Segment Start: The data

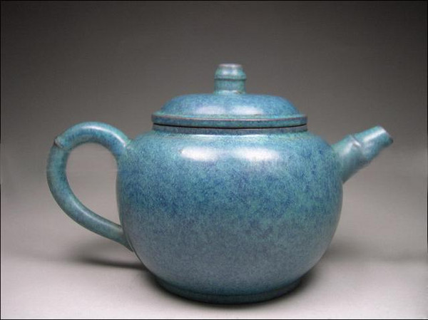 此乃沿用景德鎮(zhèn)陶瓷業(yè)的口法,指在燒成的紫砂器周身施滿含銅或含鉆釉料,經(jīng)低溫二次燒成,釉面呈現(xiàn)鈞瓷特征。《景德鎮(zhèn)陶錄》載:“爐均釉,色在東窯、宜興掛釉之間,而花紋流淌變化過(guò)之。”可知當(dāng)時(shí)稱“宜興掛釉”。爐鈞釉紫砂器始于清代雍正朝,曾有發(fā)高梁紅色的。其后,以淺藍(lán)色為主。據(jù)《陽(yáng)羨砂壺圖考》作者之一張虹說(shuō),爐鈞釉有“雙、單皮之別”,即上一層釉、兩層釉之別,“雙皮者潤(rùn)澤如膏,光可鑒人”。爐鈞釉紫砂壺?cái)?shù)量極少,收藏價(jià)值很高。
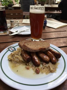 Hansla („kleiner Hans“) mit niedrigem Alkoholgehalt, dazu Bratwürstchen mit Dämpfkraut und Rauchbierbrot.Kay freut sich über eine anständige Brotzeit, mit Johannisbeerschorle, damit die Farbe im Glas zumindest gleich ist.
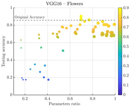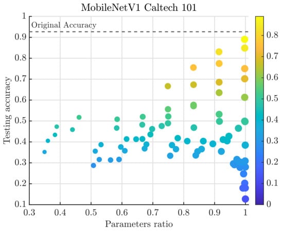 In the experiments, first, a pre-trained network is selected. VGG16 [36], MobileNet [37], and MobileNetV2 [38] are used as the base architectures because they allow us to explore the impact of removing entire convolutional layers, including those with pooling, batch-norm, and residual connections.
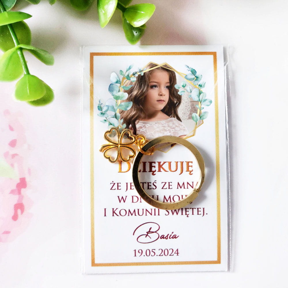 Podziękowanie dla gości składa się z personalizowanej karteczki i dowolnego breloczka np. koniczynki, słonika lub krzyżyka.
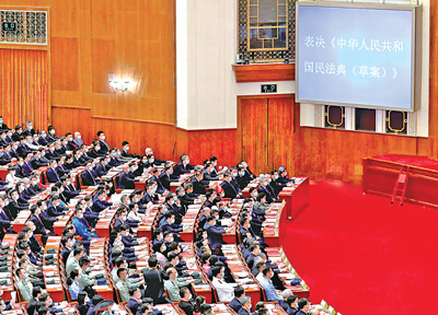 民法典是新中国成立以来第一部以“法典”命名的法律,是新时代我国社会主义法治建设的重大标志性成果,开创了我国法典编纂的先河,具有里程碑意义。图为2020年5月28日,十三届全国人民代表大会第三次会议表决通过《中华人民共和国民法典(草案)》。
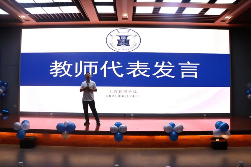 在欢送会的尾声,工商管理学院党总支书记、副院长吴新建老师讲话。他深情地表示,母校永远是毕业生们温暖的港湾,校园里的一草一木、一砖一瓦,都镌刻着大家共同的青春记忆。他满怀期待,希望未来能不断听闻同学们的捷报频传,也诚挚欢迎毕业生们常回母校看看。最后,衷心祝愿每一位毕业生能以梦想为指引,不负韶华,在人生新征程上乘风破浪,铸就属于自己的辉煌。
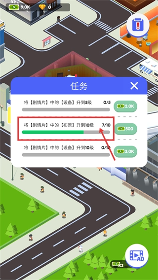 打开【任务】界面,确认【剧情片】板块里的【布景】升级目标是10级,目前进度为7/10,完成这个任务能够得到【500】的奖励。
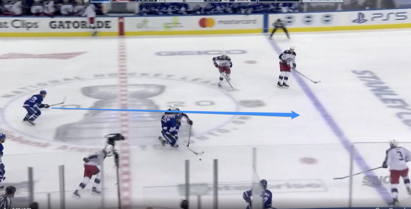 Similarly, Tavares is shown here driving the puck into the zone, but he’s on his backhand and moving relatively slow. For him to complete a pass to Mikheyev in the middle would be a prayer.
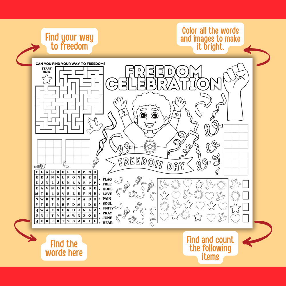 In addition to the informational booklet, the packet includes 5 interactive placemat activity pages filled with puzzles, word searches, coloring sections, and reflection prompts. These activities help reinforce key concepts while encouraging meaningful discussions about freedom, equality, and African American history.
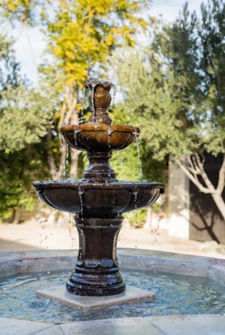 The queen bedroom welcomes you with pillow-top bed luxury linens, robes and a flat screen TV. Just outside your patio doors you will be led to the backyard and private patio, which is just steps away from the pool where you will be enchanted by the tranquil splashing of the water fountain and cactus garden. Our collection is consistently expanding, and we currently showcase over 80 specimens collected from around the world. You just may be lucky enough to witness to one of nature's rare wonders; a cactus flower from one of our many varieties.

Segment End: The data

▸ Your assignment:
What you write should match, word for word, the lines from the one containing "Similarly, Tavares is" to the end of the listing, with both ends kept and the pictures left out.

▸ Written response:
 Similarly, Tavares is shown here driving the puck into the zone, but he’s on his backhand and moving relatively slow. For him to complete a pass to Mikheyev in the middle would be a prayer.
 In addition to the informational booklet, the packet includes 5 interactive placemat activity pages filled with puzzles, word searches, coloring sections, and reflection prompts. These activities help reinforce key concepts while encouraging meaningful discussions about freedom, equality, and African American history.
 The queen bedroom welcomes you with pillow-top bed luxury linens, robes and a flat screen TV. Just outside your patio doors you will be led to the backyard and private patio, which is just steps away from the pool where you will be enchanted by the tranquil splashing of the water fountain and cactus garden. Our collection is consistently expanding, and we currently showcase over 80 specimens collected from around the world. You just may be lucky enough to witness to one of nature's rare wonders; a cactus flower from one of our many varieties.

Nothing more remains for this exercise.